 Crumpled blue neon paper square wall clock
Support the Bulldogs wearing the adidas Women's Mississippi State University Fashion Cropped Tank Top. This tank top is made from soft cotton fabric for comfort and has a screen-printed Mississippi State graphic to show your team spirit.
* * *
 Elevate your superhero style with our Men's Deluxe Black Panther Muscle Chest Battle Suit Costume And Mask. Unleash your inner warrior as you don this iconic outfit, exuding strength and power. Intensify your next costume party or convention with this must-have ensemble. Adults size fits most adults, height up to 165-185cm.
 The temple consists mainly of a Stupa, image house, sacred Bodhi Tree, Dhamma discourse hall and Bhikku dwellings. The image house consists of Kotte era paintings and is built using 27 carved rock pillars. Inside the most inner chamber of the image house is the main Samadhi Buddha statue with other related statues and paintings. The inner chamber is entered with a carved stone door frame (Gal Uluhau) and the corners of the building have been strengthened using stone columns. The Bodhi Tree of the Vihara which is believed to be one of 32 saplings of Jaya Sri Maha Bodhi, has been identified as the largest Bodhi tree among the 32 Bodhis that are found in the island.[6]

### What to produce
Looking at the entries above, copy out every line in which "your" occurs.

### Expected output
Support the Bulldogs wearing the adidas Women's Mississippi State University Fashion Cropped Tank Top. This tank top is made from soft cotton fabric for comfort and has a screen-printed Mississippi State graphic to show your team spirit.
 Elevate your superhero style with our Men's Deluxe Black Panther Muscle Chest Battle Suit Costume And Mask. Unleash your inner warrior as you don this iconic outfit, exuding strength and power. Intensify your next costume party or convention with this must-have ensemble. Adults size fits most adults, height up to 165-185cm.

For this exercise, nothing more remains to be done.